Для них она была самой умной и самой красивой.
Девушка зажгла стоящую на трюмо свечу, подождала, пока огонек хорошо разгорится, подошла к окну и тщательно задернула плотные шторы. Проклятое летнее солнце никак не хотело исчезать за домами, дразнящими лучами проникало в московские окна, и его озорной свет мешал Веронике. Теперь же в комнате установился необходимый полумрак. Девушка сняла с полки одну из книг, достала из нее фотографию улыбающегося молодого человека, нежно поцеловала ее, поставила рядом с зеркалом и присела на диван.
– Лешенька мой… – К горлу Вероники подкатил комок. – Почему ты ушел?
Полгода без него. Полгода одиночества.
Лешенька Бурляев… Они познакомились на пляже в Серебряном Бору, когда Веронике было восемнадцать, а ему – двадцать четыре, и девушка сразу же попала под обаяние молодого человека. Лешенька был восхитительным юношей, тонким, чувственным, мечтательным, он окончил Литературный институт, был блестяще эрудирован и серьезно увлекался мистикой. Благодаря Лешеньке в комнате Вероники впервые появилась полка с книгами, правда, их подборка полностью отражала пристрастия Бурляева: «Молот ведьм» и Блаватская, Алистер Кроули и Еремей Парнов. Вероника не очень понимала заумные тексты этих томов, но ради своего друга она бы могла прочитать даже «Войну и мир». Сам Лешенька писал стихи, и большинство из них Вероника помнила наизусть:
Замечательные, тонкие стихи. Вероника улыбнулась, но тут же нахмурилась.

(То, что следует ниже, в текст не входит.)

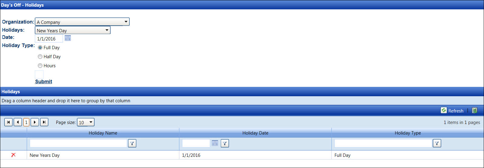 Click Submit to assign the holiday to the selected organization and display it in the Holidays grid.
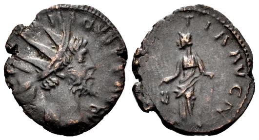 Tetricus I. 271-274 AD. AE Antoninianus (2.53g, 19mm). Treveri mint. Struck 272 AD. Obv.: [IMP TET]RICVS P F AVG, radiate and cuirassed bust right. Rev.: [LAETI]TIA AVG N, Laetitia standing left with anchor and wreath. RIC 90. VF.
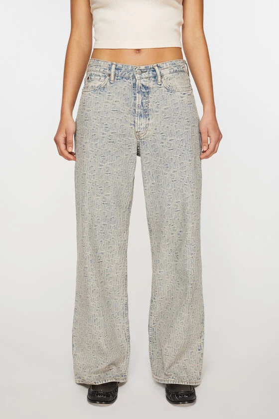 1981Fジーンズは、低いウエスト、ワイドレッグ、長い丈のバギーフィットにカットされています。全体にモノグラムが施され、サンドミネラルの色合いを持つブルーベージュのストレッチしないデニムで作られています。
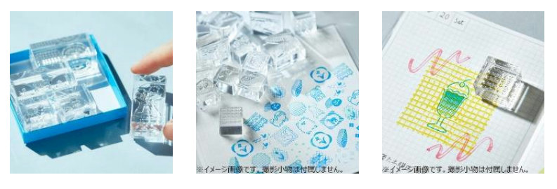 全てのパーツが透明で作られたスタンプ。上から印面が見えるので、細かい位置調整が可能。各2640円。
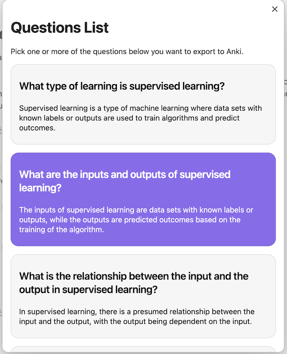 After picking and choosing, your selected "questions and answers" automatically imports the chosen questions to Anki, based on the details in your Plugin settings.
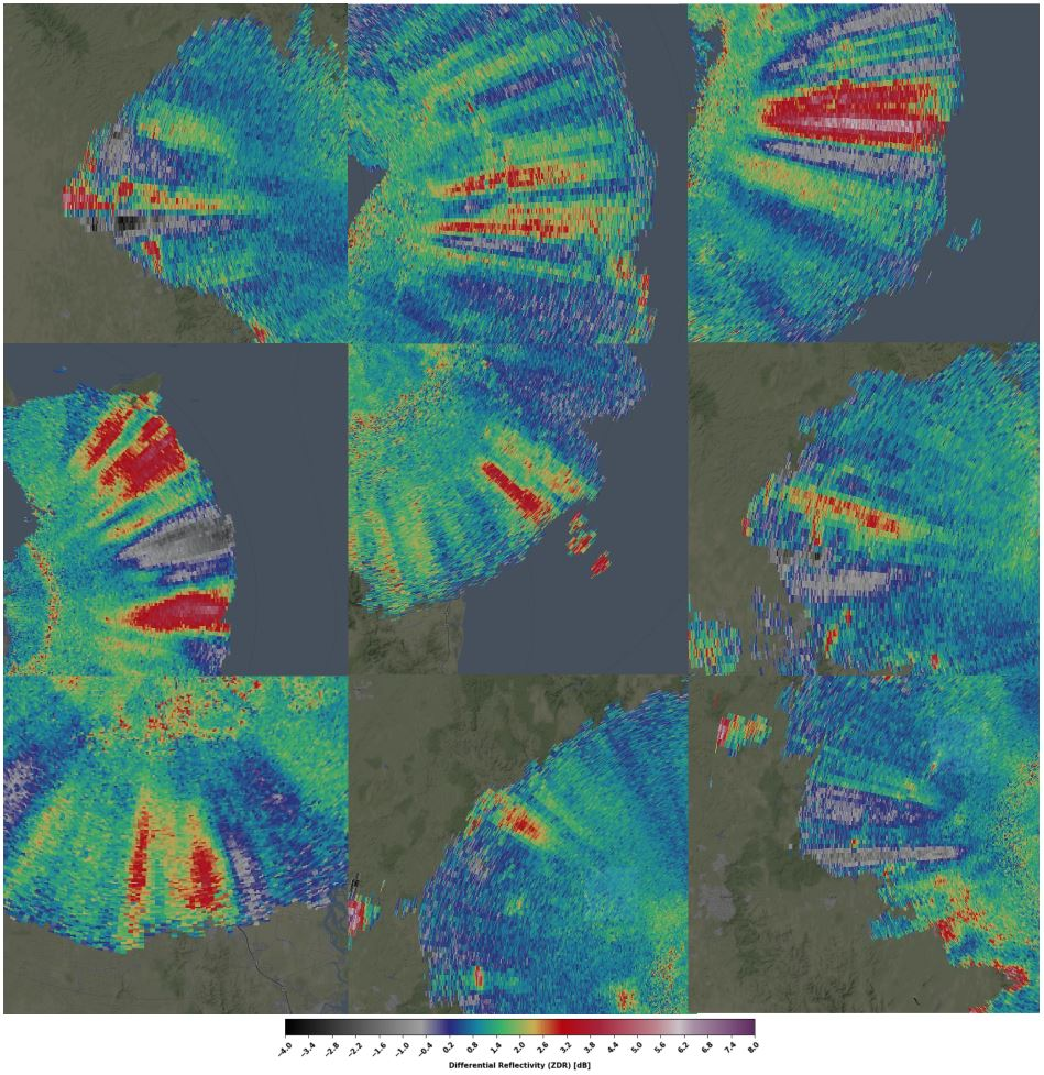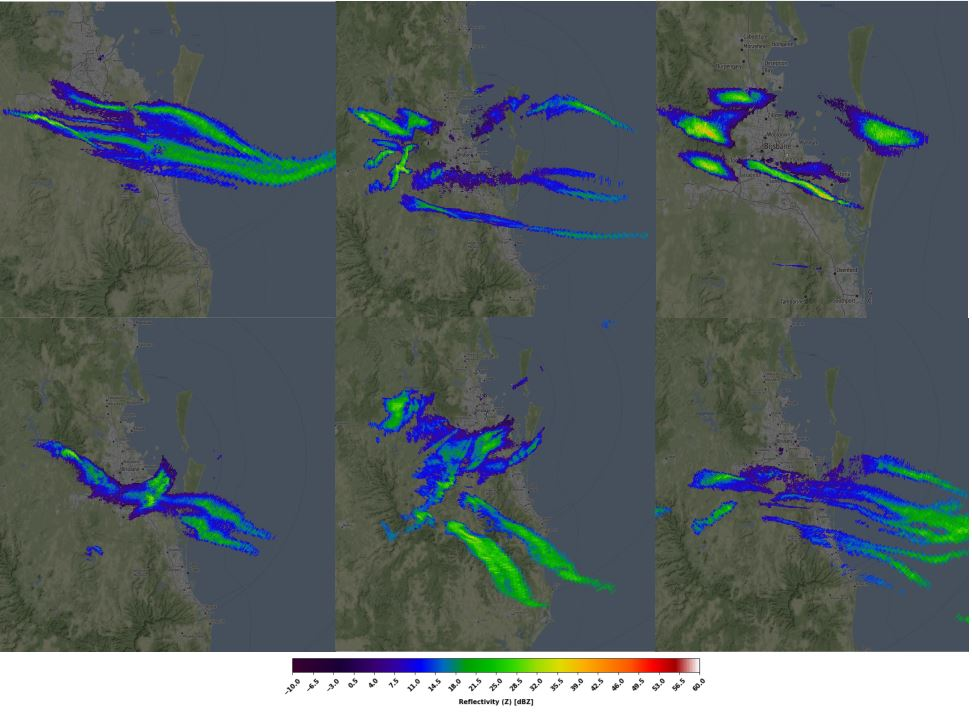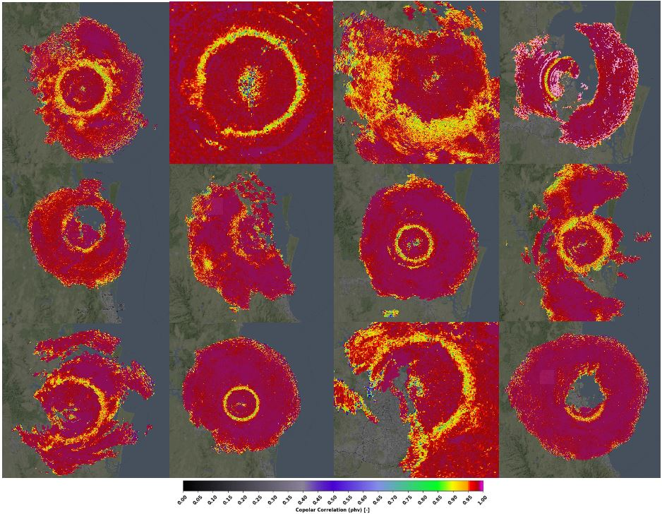 Other forms of clutter include biological targets - birds and insects - are visible in Brisbane almost every day, mostly between sunset and sunrise. They have low to medium values of reflectivity, very high ZDR and low RHOHV due to their shape. Doppler velocity tends to correspond with wind direction.
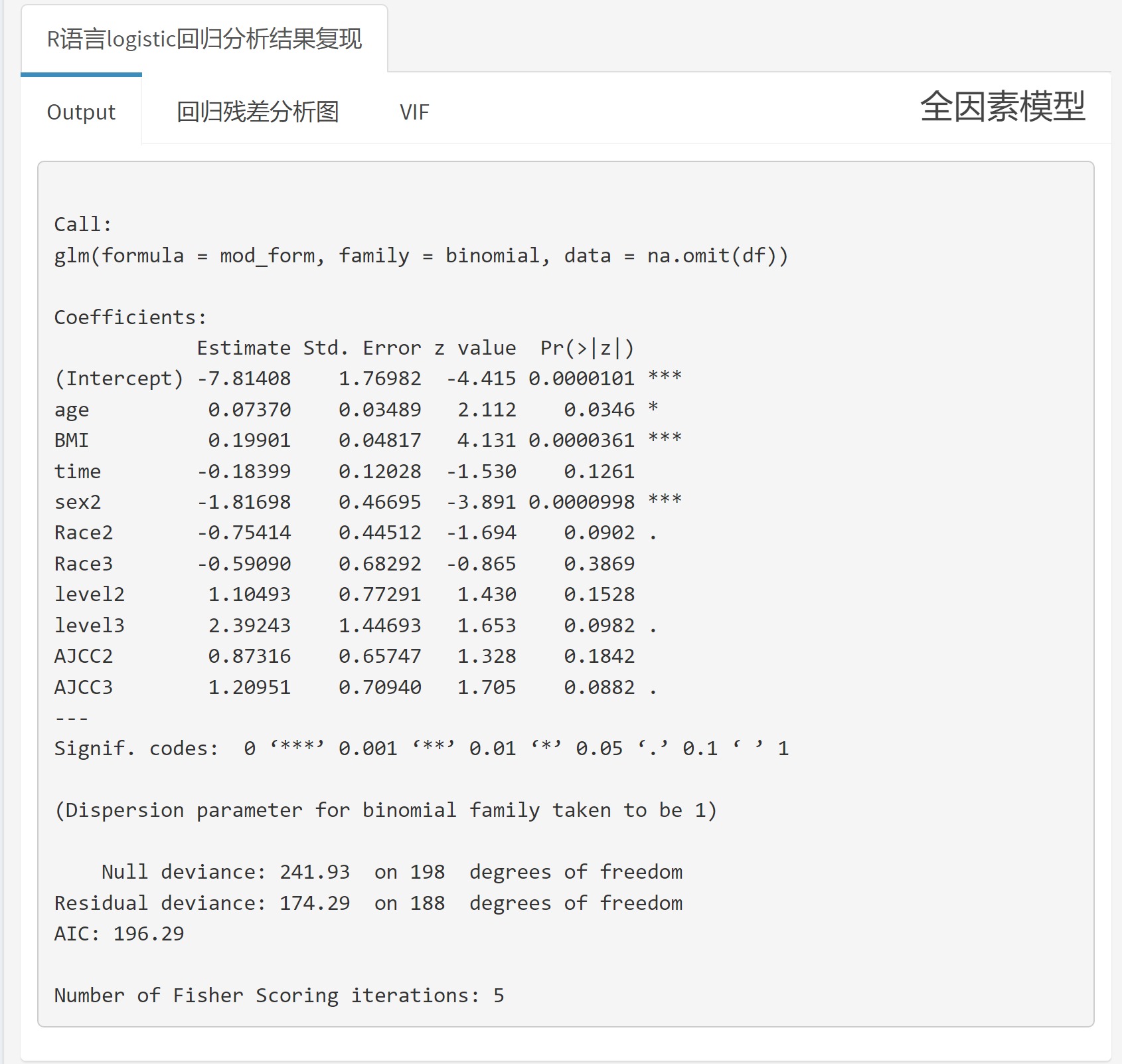 有全因素模型和逐步回归法模型,本案例未进行逐步回归,因此仅展示全因素模型。
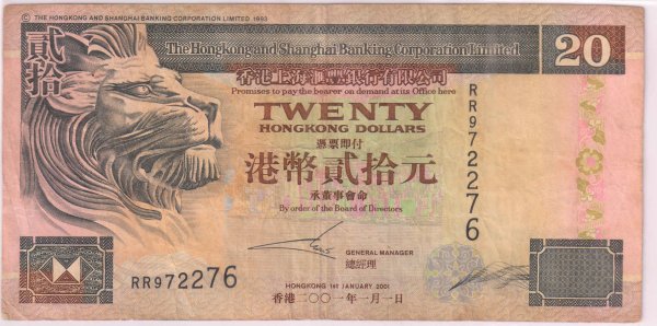 Hong Kong – 20 dollars 2001 vf currency note

«Почему мир несправедлив? Почему никто так и не понял, насколько гениален был Лешенька? Почему никто не оценил его талант? Все так жестоко! Холодно! Мир убил Лешеньку! Мир заставил его сделать тот роковой шаг с крыши!»

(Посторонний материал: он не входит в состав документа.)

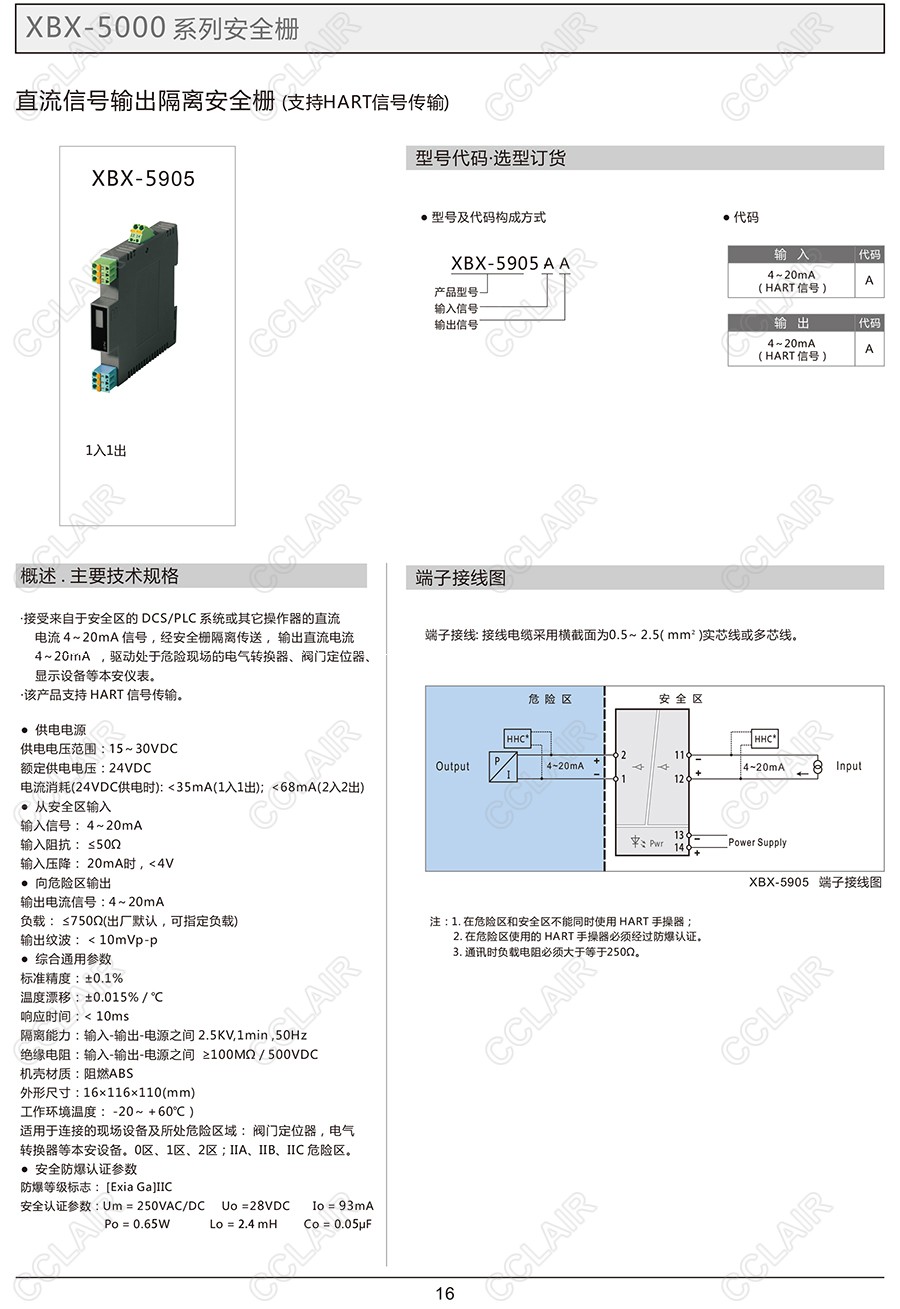 XBX-5905,XBX-5905AA,直流信號(hào)輸出隔離安全柵(支持HART信號(hào)傳輸)
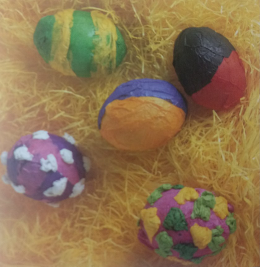 - Ritagliare tanti quadrati di carta velina di circa 8 cm di lato. Accartocciarli per fare delle palline. Incollarle sulle uova. Far asciugare.
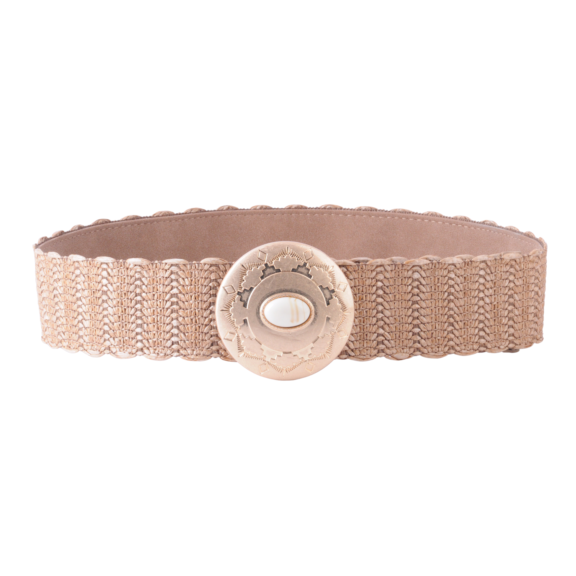 Elevate your look with this textured raffia belt, designed to bring natural dimension and refined contrast to any outfit. Featuring a sleek engraved pearl buckle, this belt balances organic texture with bold, modern detail. The woven raffia adds lightweight structure, while the pearl centerpiece creates a striking focal point. Perfect for cinching dresses, defining relaxed silhouettes, or styling with elevated everyday looks, this versatile belt transitions seamlessly from day to night.
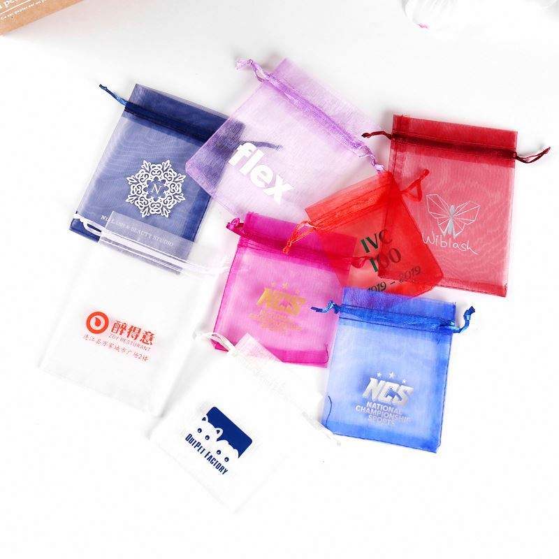 Customized Logo Recyclable Organza Storage Gift Pouch Drawstring Bag

О том, что, согласно официальному полицейскому заключению, Алексей Алексеевич Бурляев совершил самоубийство, находясь в состоянии сильнейшего наркотического опьянения, девушка не думала. Лешенька был замечательный! Гениальный поэт, первый любовник и первый… Именно он дал Веронике наркотик. Сначала простую травку, Лешенька еще в школе считался опытным «сенокосом», затем последовали «винт», солутан, а примерно за год до своей трагической гибели молодой человек впервые сделал любимой инъекцию героина.
Но «стим» был гораздо лучше.
«Жаль, что Лешеньке не довелось попробовать его!»
Вероника медленно поднесла к ноге одноразовый шприц – «чай, не дура, что такое СПИД, понимаем!» – выбрала вену и, тихонько ойкнув, сделала укол. Девушка уже давно не боялась самой процедуры, могла без содрогания смотреть, как быстро окрашивается кровью бесцветная жидкость в шприце, но по-прежнему тихо ойкала каждый раз, когда игла проникала в вену. Как будто в первый раз, с Лешенькой. Привычка.
– Хорошо.
Вероника выдернула шприц и блаженно откинулась на диванные подушки. «Стим» мягко обволакивал сознание, проникал в каждую клеточку тела, наполняя их восхитительным трепетом, а мозг – изящными и причудливыми образами.
«Какой там «герыч», – пронеслось в голове девушки. – Он и рядом не валялся с этой прелестью».